With help from a children’s samba school, Dondara finds her own beat
In Carnival, the 21-year-old student finds academic support and a celebration of her Afro-Brazilian heritage.
21-year-old Brazilian student Dondara wants you to forget everything you thought you knew about Carnival. Yes, there are fabulous costumes, dancing and floats. But the festival is so much more than that to her.
Dondara is the product of the lesser known side of Carnival — its philanthropic side. At age 9 she began taking free classes at the Pimpolhos da Grande Rio Samba School (Kids of Grande Rio Samba School). Pimpolhos provides students from the neighbourhood of Duque de Caxias with free workshops in art and dance, courses in English and Portuguese and scholarships.

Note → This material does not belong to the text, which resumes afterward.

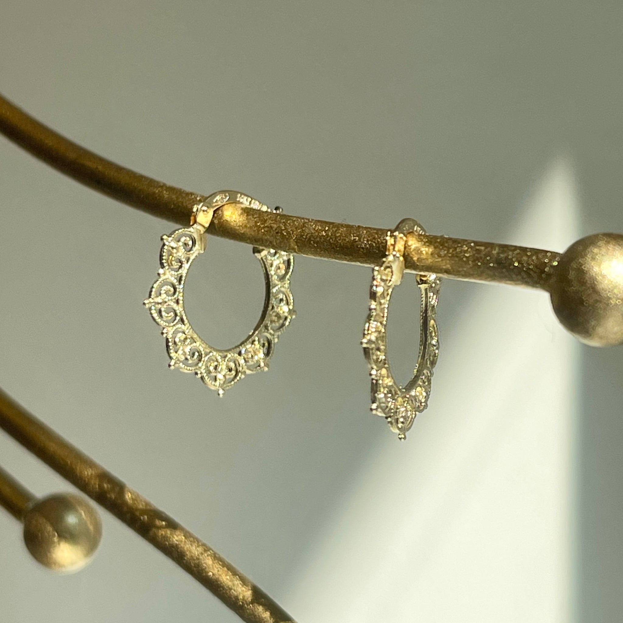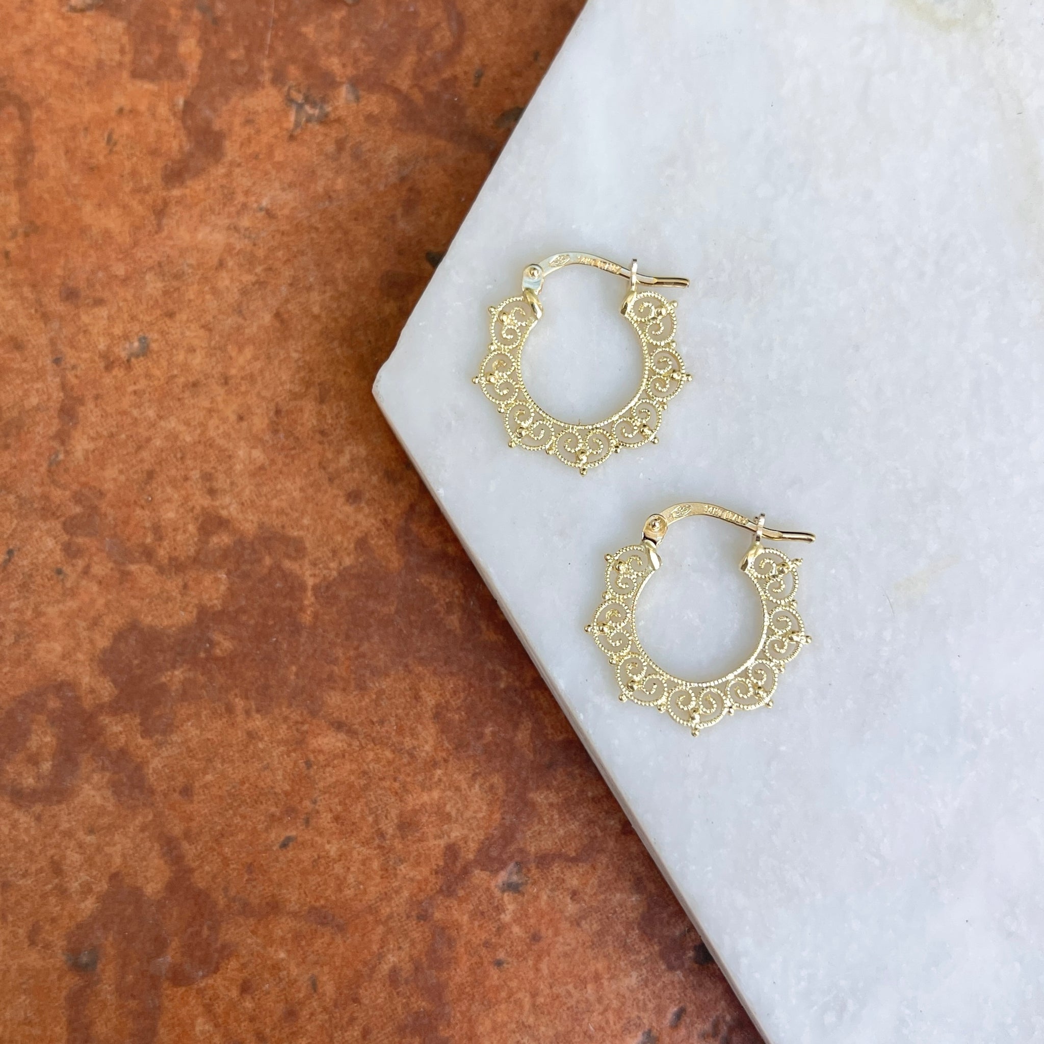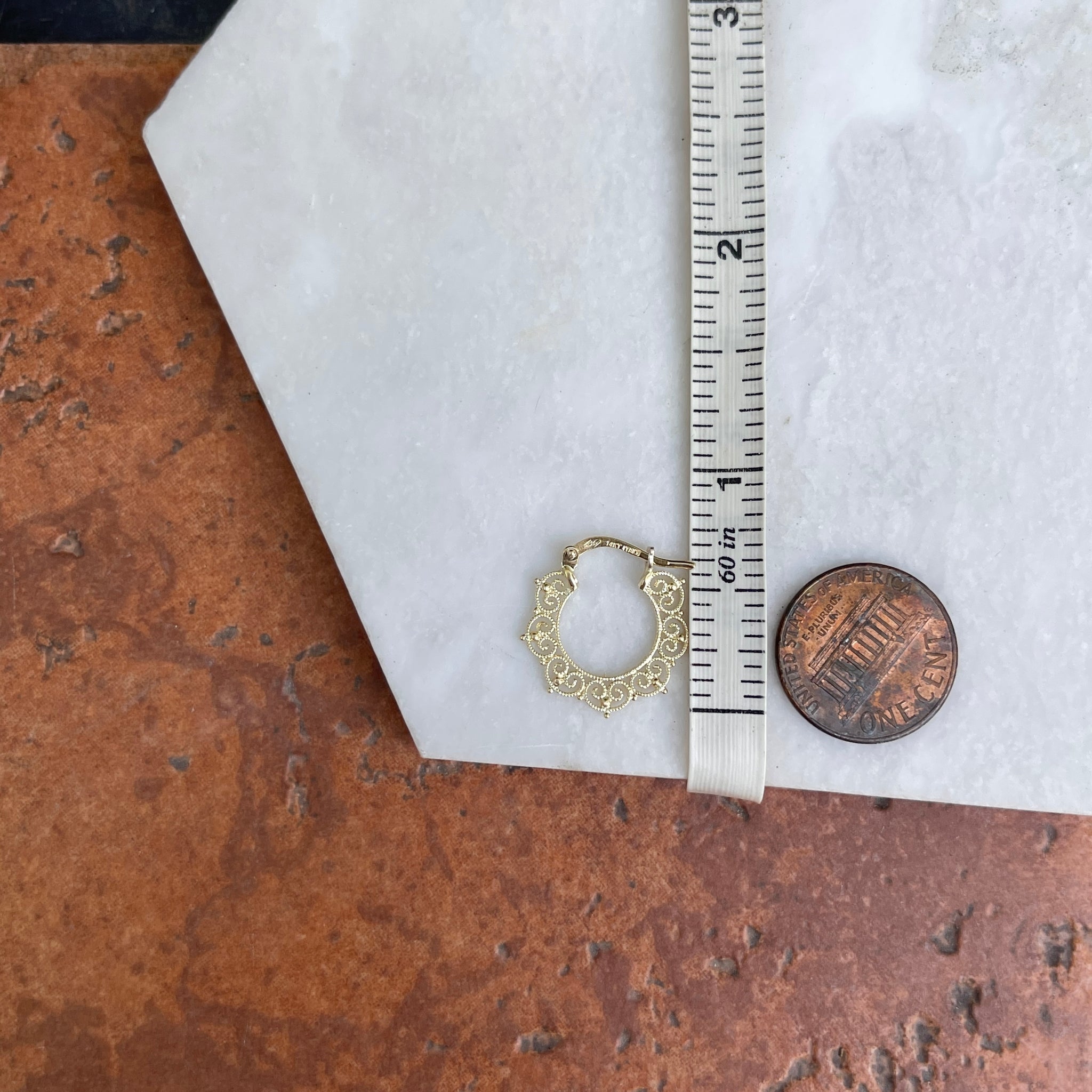 14KT yellow gold open filigree design hoop earrings. Small size hoops + dainty in detail!

“Growing up, you’re constantly told you can’t. You can’t because you’re black or poor or born in a dangerous neighborhood,” she says. But after attending Pimpolhos, she began to imagine a different future for herself.
Through Pimpolhos classes, Dondara became fluent in English. She is now enrolled in university and studying international relations. Half of her tuition is paid for by scholarship — the other half she pays for using the money she makes as an English-speaking tour guide. Dondara aced her most recent set of university exams. “I love that quote: ‘I am my ancestors’ wildest dreams,’” she says of her accomplishments with a smile.
“We are trying to raise good people through the arts,” explained Camilla Soares, President of the Pimpolhos da Grande Rio Samba School. “Carnival is not what people think it is,” she continued. 800 students benefit from Pimpolhos programmes every week. The children are required to show they are enrolled in school in order to participate in Pimpolhos. During Carnival, they perform during the special family-friendly day parade with floats that have teachable themes like “Recycle!” or “Respect your parents.”
In addition to the support she received from Pimpolhos, Dondara loves Carnival because it provides her with the opportunity to celebrate her Afro-Brazilian roots. In a country where racial discrimination runs rampant, there are few opportunities for her to feel proud of her heritage. “You can’t play with us because you’re darker,” Dondara remembers hearing as a kid.
But during Carnival, the country pays tribute to an important piece of Afro-Brazilian culture: samba — a form of music and dance known as the heartbeat of Brazil. Its origins can be traced back to West African slaves brought to Brazil in the 16th century. During Carnival, the streets are filled with the rhythmic beats and lively dancing. Tributes to the mother of modern samba, an Afro-Brazilian woman nicknamed Tia Ciata, are a highlight in most parades.
And so for Dondara, Carnival is more than just a great party. It has given her the tools she needs to flourish academically and provides her with an opportunity to celebrate her culture. “I start crying the moment I see the crowds,” Dondara shares shaking her head, at a loss for words when asked about the pride she feels while parading with Grande Rio. “I just can’t describe it.”